__PROMPT__.
Find "Stay warm and" in the listing below, then set down only that line and each later line, unchanged, leaving out pictures.

__DATA SEGMENT__.

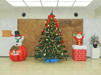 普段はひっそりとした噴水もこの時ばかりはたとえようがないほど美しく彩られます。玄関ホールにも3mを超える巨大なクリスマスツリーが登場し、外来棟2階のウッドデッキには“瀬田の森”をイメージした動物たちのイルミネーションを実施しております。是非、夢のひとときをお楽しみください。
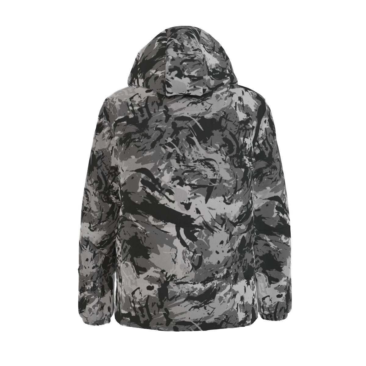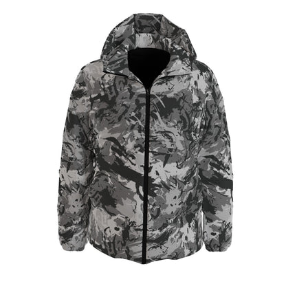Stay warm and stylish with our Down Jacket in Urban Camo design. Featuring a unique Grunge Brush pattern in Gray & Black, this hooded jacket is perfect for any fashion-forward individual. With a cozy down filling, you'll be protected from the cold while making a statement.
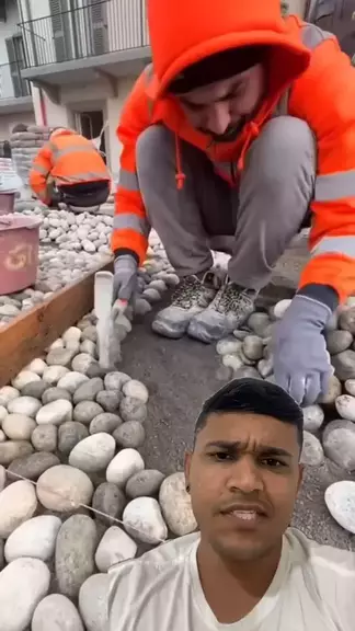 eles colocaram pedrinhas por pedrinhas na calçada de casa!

__RESULT__.
Stay warm and stylish with our Down Jacket in Urban Camo design. Featuring a unique Grunge Brush pattern in Gray & Black, this hooded jacket is perfect for any fashion-forward individual. With a cozy down filling, you'll be protected from the cold while making a statement.
 eles colocaram pedrinhas por pedrinhas na calçada de casa!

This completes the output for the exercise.